Do we really want CF = CF -> CF? Maybe there's a way to place the
'min's that makes it fast, but all the versions I've tried slow things
down a lot (see e.g.
https://github.com/cpa/haskellcontracts/commit/b178be9a69b048d2a0e70baabfe58795805cc73a
for a summary of what happened in the no-min case).
The example Simon likes to give here is 'id':
id x = x
id ::: CF
Supposedly we want CF = CF -> CF because we can use 'id' at many
different types. I think what we really want is polymorphic contracts
for polymorphic functions:
id ::: forall c. c -> c
Of course, I don't know how that would work ... so how about some
crazy talk ... maybe something like
forall f c1 c2. (
sat(f,arr(c1,c2)) <-> forall x. sat(x,c1) -> sat(f x,c2 x)) --
contracts can also be functions! Dependency is implicit in
'arr(c1,c2)'.
forall e. sat(e,CF) <-> cf(e)
forall e x p. sat(e,pred(p)) <-> (e /= UNR -> p x = True \/ p x = BAD)

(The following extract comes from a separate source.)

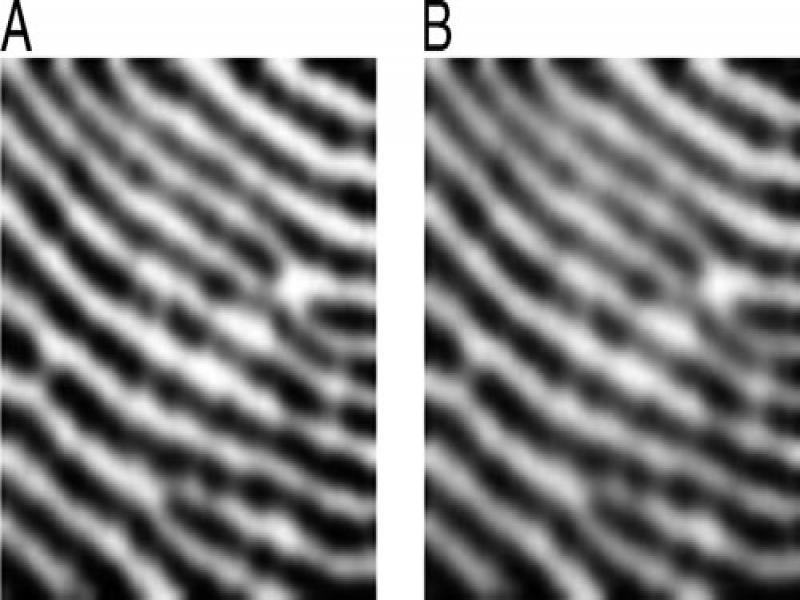 2D Gaussian filtered fingerprint images (A) local size of 3 × 3, (B) local size of 5 × 5.

... and it becomes complicated quickly. E.g. consider '($)':
f $ x = f x -- writing '($) = id' would obscure the point here?
-- ??? not sure how to treat 'x' here.
f ::: forall c1,c2[x]. (x:c1 -> c2) -> x:c1 -> c2
-- ??? Maybe as above: in 'c0 -> ... -> cn' have 'ck' a function
'\x0...xk-1.c' ?
f ::: forall c1, c2. (c1 -> c2) -> const c1 -> const c2
-- or
f ::: forall c1, c2. (c1 -> c2) -> const (c1 -> c2)
See https://github.com/cpa/haskellcontracts-examples/blob/master/yes/map.hs
for a really fanciful contract. We'd have to draw the line
somewhere...
Cheers,
-nathan